• Your objective: Starting at the line below holding "Hjónaherbergið er rúmgott" and stopping at the line holding "Antique White Cochin", print every line exactly, both ends included, and leave the rest out.

• Working data:
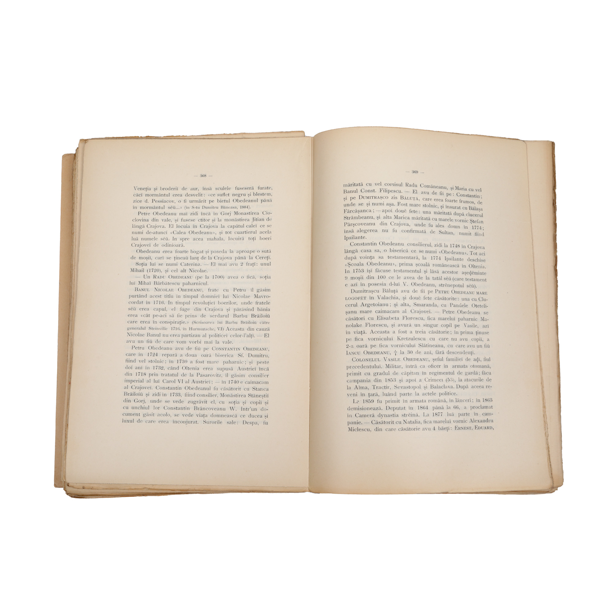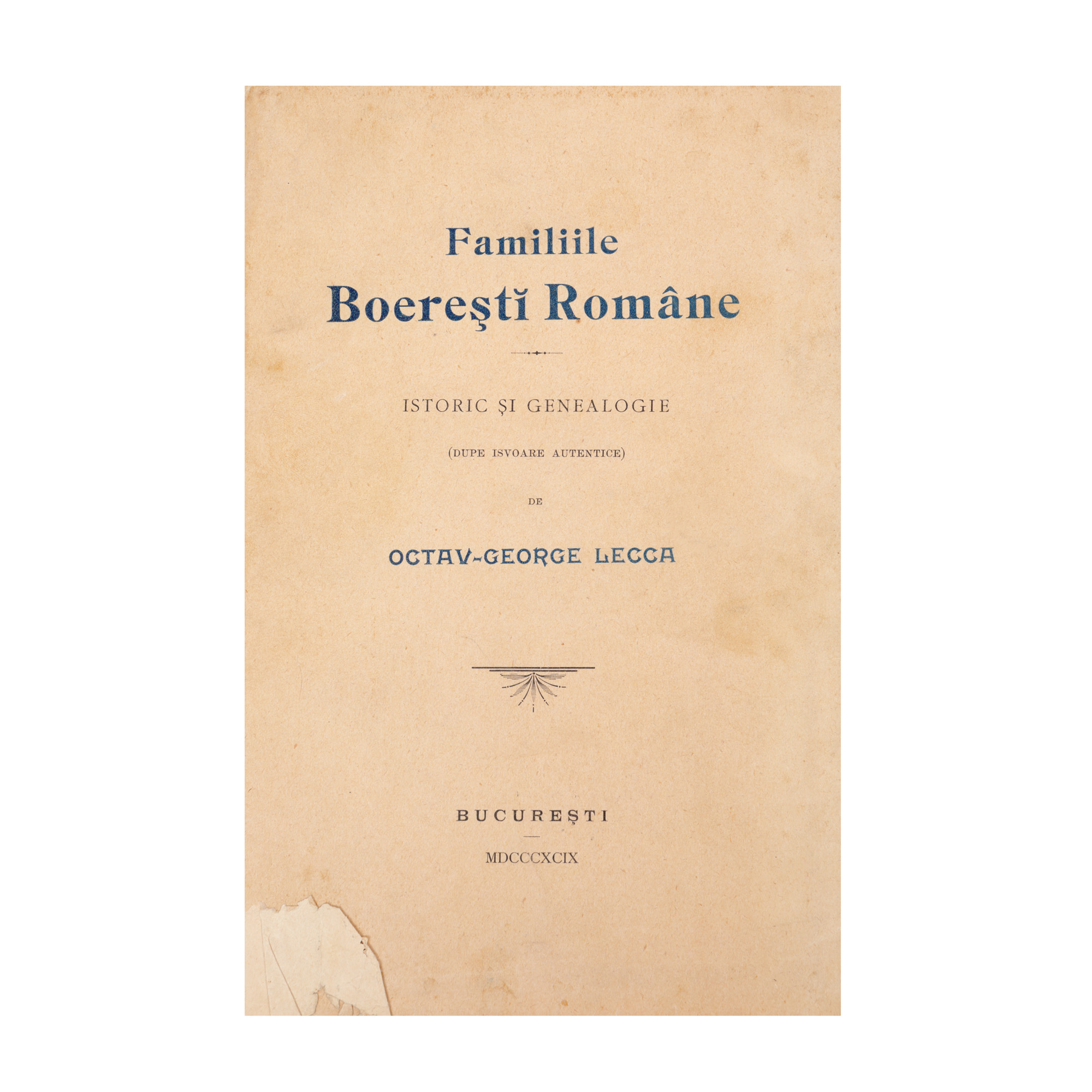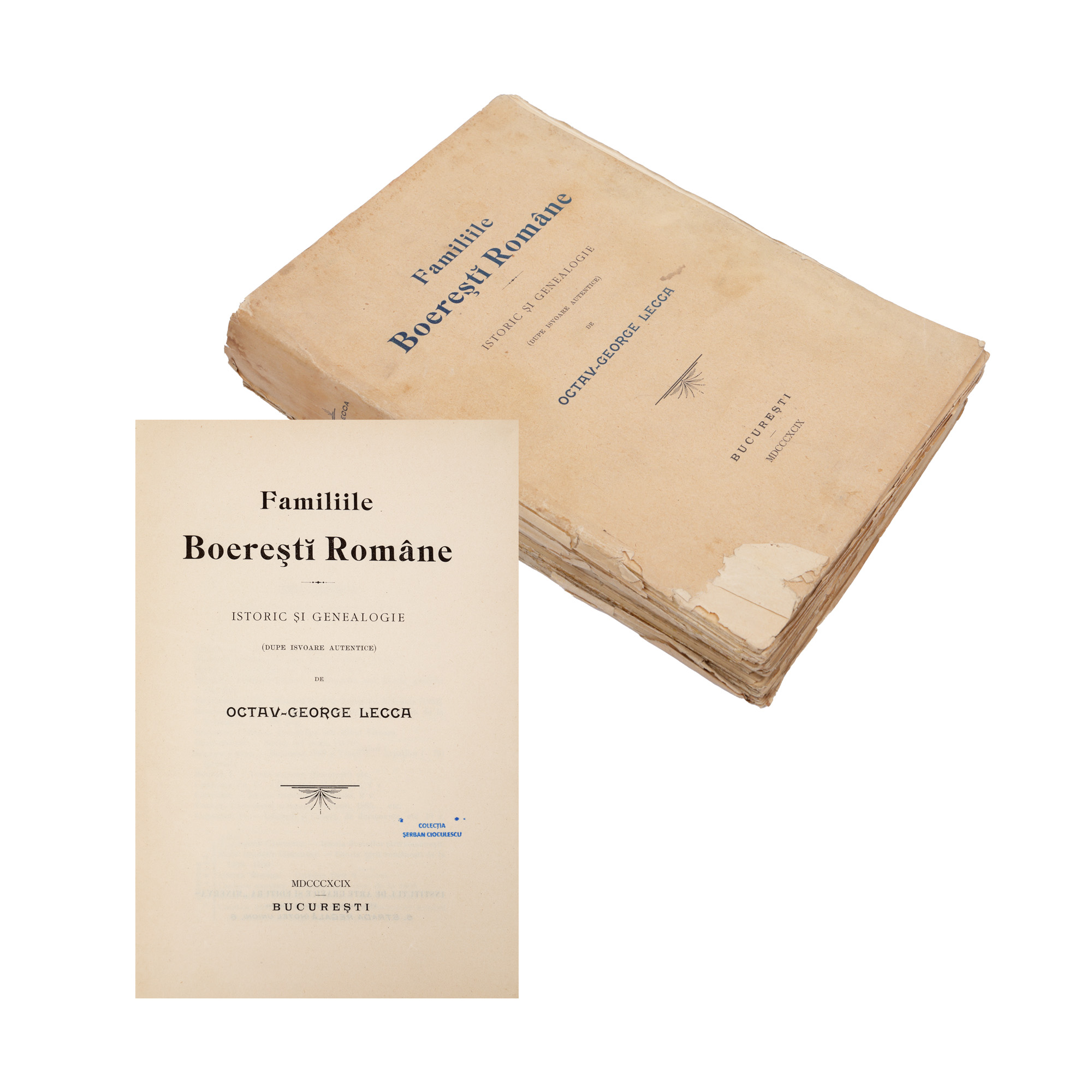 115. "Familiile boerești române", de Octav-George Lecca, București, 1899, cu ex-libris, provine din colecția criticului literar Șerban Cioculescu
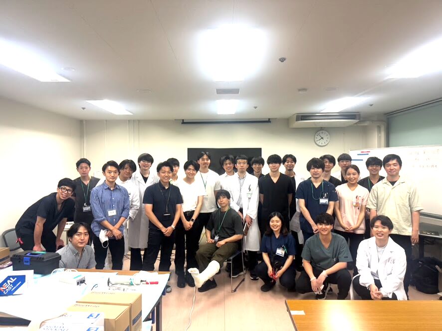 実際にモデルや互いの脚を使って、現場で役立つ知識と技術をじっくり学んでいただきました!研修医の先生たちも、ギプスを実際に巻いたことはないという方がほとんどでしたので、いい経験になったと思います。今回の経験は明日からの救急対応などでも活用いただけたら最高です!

...

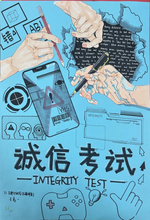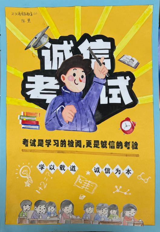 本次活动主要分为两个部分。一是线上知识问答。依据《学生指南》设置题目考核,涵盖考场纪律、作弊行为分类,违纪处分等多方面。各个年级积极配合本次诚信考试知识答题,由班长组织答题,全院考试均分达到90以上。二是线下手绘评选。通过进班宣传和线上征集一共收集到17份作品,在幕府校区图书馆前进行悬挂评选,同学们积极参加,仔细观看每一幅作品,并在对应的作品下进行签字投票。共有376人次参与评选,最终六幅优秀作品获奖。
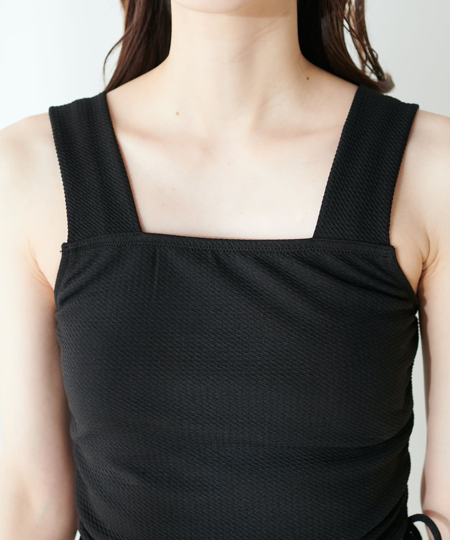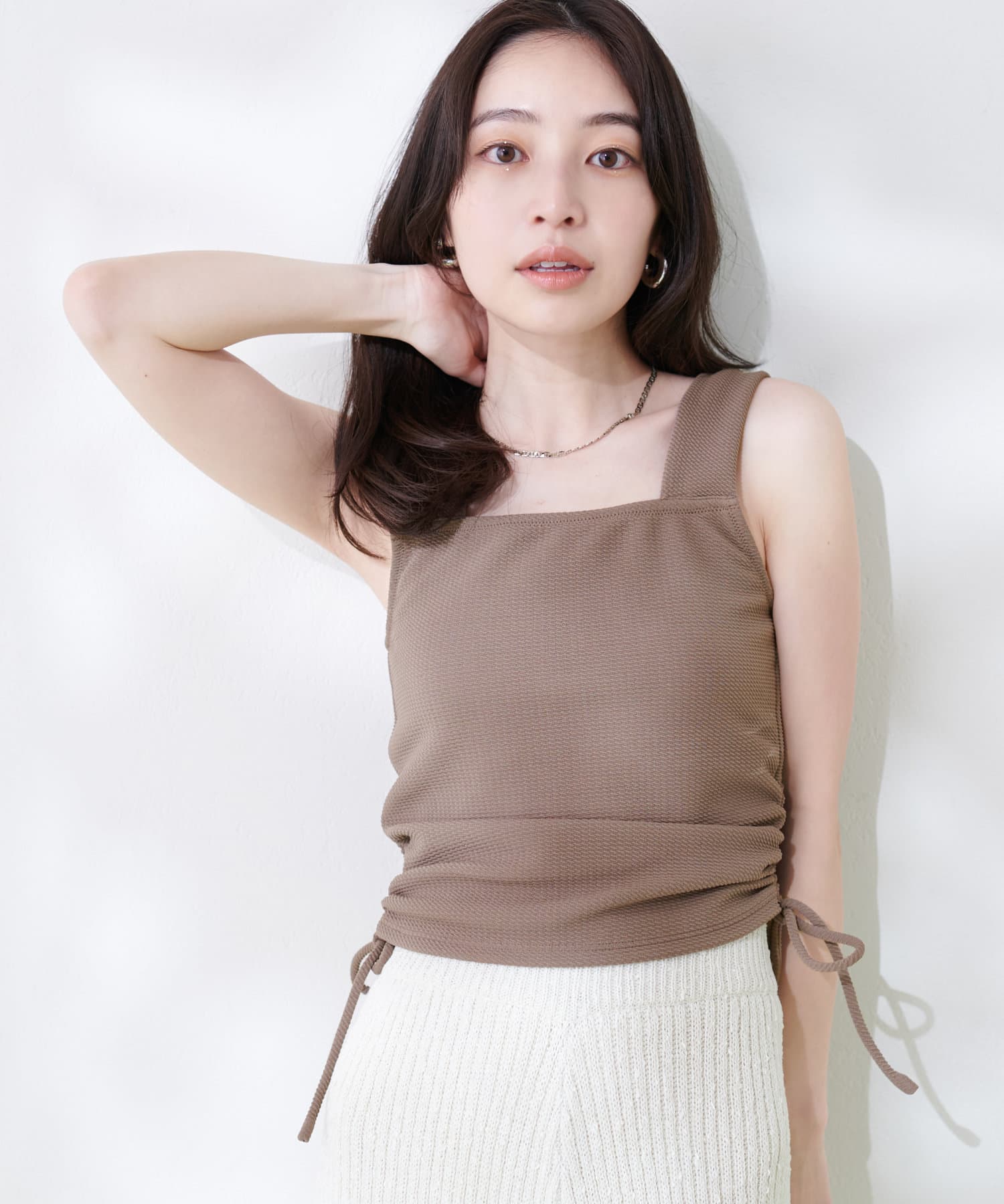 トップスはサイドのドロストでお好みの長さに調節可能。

--

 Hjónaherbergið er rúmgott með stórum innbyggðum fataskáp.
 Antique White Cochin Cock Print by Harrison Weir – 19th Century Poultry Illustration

• Answer for the task:
 Hjónaherbergið er rúmgott með stórum innbyggðum fataskáp.
 Antique White Cochin Cock Print by Harrison Weir – 19th Century Poultry Illustration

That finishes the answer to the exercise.